══ Available data

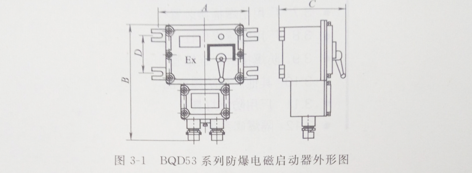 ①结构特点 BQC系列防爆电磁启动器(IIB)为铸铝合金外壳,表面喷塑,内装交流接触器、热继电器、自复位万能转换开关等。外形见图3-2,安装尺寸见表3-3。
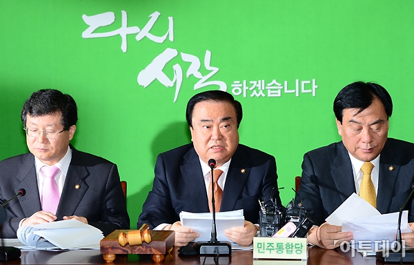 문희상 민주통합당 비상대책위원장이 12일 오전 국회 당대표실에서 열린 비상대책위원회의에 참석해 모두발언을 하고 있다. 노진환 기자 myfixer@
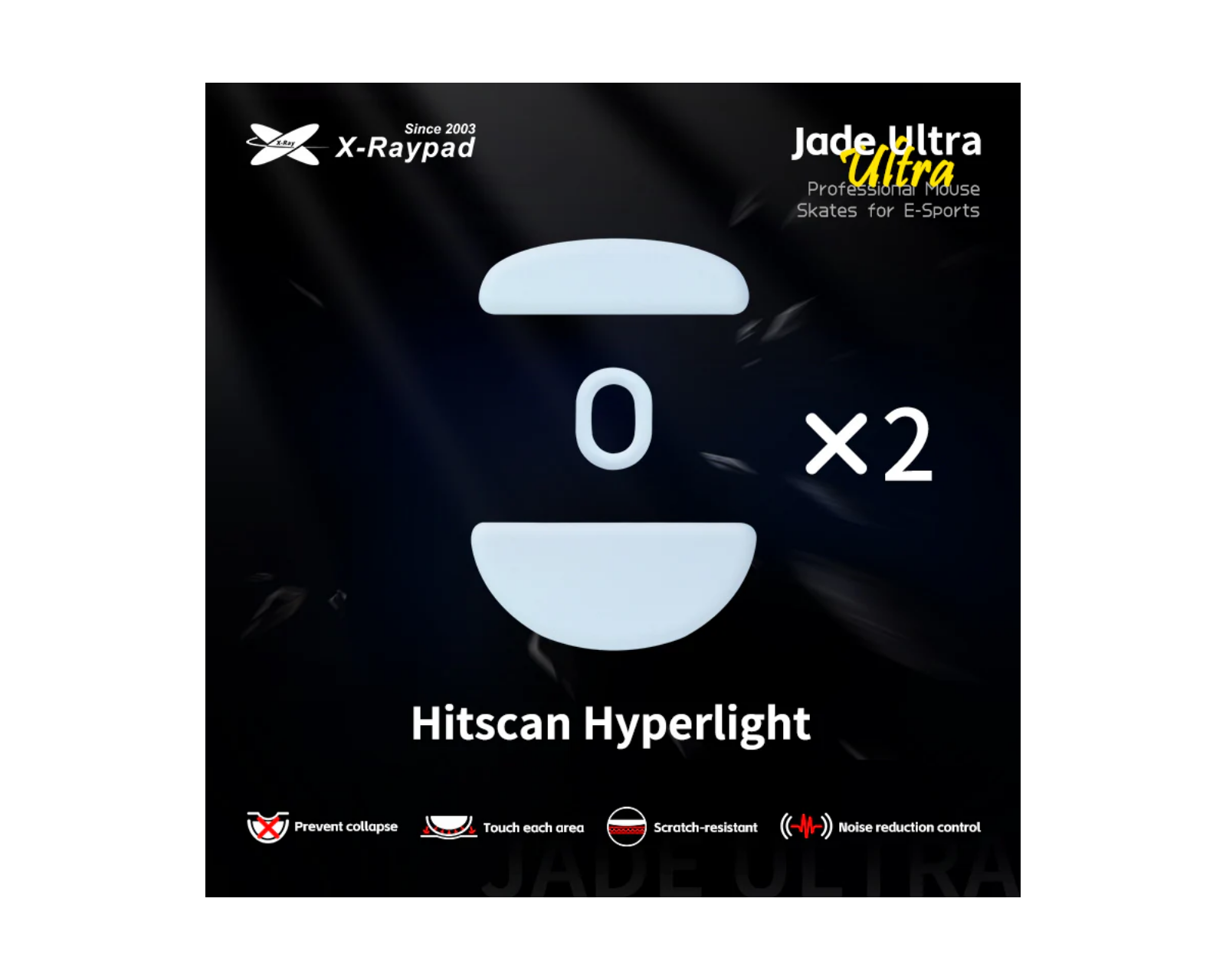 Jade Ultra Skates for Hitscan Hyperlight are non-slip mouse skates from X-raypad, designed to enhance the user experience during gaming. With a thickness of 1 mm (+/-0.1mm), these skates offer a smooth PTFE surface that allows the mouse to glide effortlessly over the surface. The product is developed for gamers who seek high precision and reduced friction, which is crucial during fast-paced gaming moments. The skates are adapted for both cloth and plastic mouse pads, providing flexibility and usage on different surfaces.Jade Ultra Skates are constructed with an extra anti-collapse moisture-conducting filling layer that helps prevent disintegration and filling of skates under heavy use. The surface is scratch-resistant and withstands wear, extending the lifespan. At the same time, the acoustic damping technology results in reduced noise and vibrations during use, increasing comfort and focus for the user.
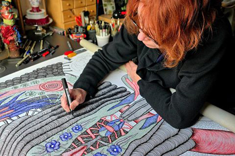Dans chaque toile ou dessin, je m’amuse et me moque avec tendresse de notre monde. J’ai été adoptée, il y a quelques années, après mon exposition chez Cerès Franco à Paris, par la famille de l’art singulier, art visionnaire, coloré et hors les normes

════

▸ **Exercise aim**
Counting the line with "문희상 민주통합당 비상대책위원장이" and the last line of the data above, transcribe those two lines and every line between them exactly, without the pictures.

▸ **Answer space**
 문희상 민주통합당 비상대책위원장이 12일 오전 국회 당대표실에서 열린 비상대책위원회의에 참석해 모두발언을 하고 있다. 노진환 기자 myfixer@
 Jade Ultra Skates for Hitscan Hyperlight are non-slip mouse skates from X-raypad, designed to enhance the user experience during gaming. With a thickness of 1 mm (+/-0.1mm), these skates offer a smooth PTFE surface that allows the mouse to glide effortlessly over the surface. The product is developed for gamers who seek high precision and reduced friction, which is crucial during fast-paced gaming moments. The skates are adapted for both cloth and plastic mouse pads, providing flexibility and usage on different surfaces.Jade Ultra Skates are constructed with an extra anti-collapse moisture-conducting filling layer that helps prevent disintegration and filling of skates under heavy use. The surface is scratch-resistant and withstands wear, extending the lifespan. At the same time, the acoustic damping technology results in reduced noise and vibrations during use, increasing comfort and focus for the user.
Dans chaque toile ou dessin, je m’amuse et me moque avec tendresse de notre monde. J’ai été adoptée, il y a quelques années, après mon exposition chez Cerès Franco à Paris, par la famille de l’art singulier, art visionnaire, coloré et hors les normes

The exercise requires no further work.